____ Information
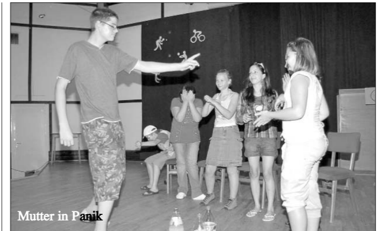
Mutter in Panik

In den Publikumsreihen sah ich Deutsche, Ungarndeutsche und Ungarn. Die jüngste Zuschauerin war 9 Monate alt,
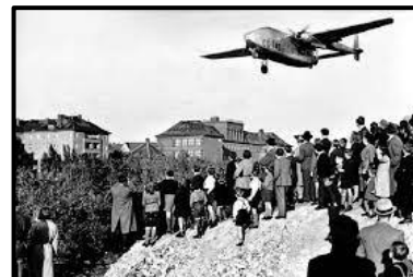
La población de Berlín occidental observa el aterrizaje de un avión norteamericano en el aeropuerto de Tempelhof en Berlín Oeste en 1948.

El bloqueo y la solución del “puente aéreo” fortaleció la posición norteamericana en Europa, pero demostró la imposibilidad de acuerdos entre EEUU y la URSS frente a la cuestión de Alemania. En 1949 Alemania quedó dividida en dos estados: la República Federal Alemana (que incluía las zonas ocupadas por las potencias Occidentales y el distrito Occidental de Berlín), con un régimen democrático liberal y con capital en la ciudad de Bonn; y la República Democrática Alemana, en la zona soviética, con un régimen comunista y con capital en el sector Oriental de Berlín.
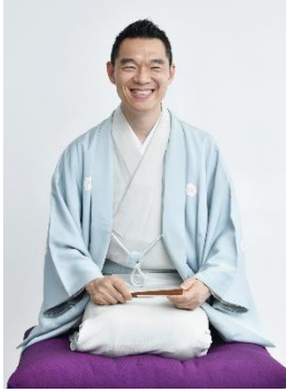
柳家花緑 (C)馬場道浩
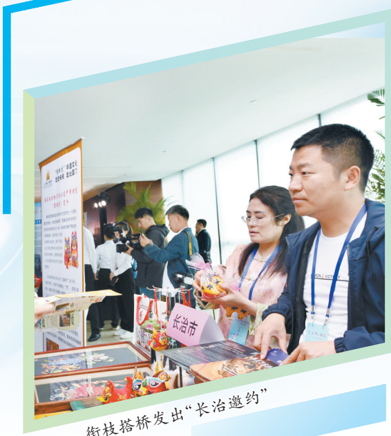
街枝搭桥发出“长治邀约”

此心安处是吾乡。盯紧人才生活“关键小事”，2024年，我市全年共发放生活补贴1045人1392万元，购房补贴43人240万元。全市建成各类人才公寓3909套，2024年入住174人，累计入住1.58万人次，以“真金白银”托举人才无忧。
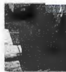
Los Alcañes, esquina La Conchalí

El presupuesto disponible financiado por el Gobierno Regional Región Metropolitana corresponde a $1.316.352.000.- IVA Incluido.
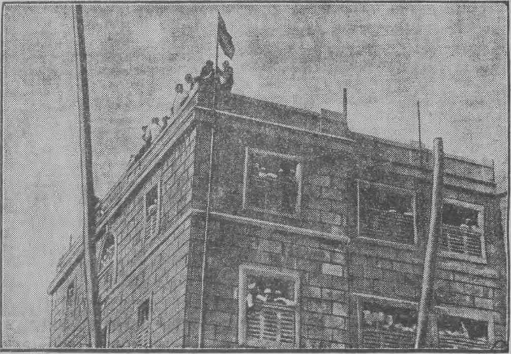
ארעסטירטע הינדוסן האט מען צוליב סאנגעל אין בסיסות פריינדקעס אין 8 הויזבוים האבען זיי אויפן הויז צווייטגעגאנגען זייערע נאציאנאלע פאזן

מארשא 3 (סעלעפאניש) פון איבער קא-רעפארענעס. הן מען דערוואקס נון האט דער קרא-קאווער וואיעוואדען פולקאוועס קראשניעווסקי וועל-בער און נעכטען ערום אפגעפארענע פון היינטיג קיין קראקא איבערגעגעבען דער דארטנער געריכטס-מאג אירע מאטעריאלען וועגען דעם קראקאווער סאב-רעס.
________
Requirement → Output exactly, and only, the lines running from the line containing "Los Alcañes, esquina La Conchalí" to the last line of the entries above, omitting the pictures.

Result →
Los Alcañes, esquina La Conchalí

El presupuesto disponible financiado por el Gobierno Regional Región Metropolitana corresponde a $1.316.352.000.- IVA Incluido.
ארעסטירטע הינדוסן האט מען צוליב סאנגעל אין בסיסות פריינדקעס אין 8 הויזבוים האבען זיי אויפן הויז צווייטגעגאנגען זייערע נאציאנאלע פאזן

מארשא 3 (סעלעפאניש) פון איבער קא-רעפארענעס. הן מען דערוואקס נון האט דער קרא-קאווער וואיעוואדען פולקאוועס קראשניעווסקי וועל-בער און נעכטען ערום אפגעפארענע פון היינטיג קיין קראקא איבערגעגעבען דער דארטנער געריכטס-מאג אירע מאטעריאלען וועגען דעם קראקאווער סאב-רעס.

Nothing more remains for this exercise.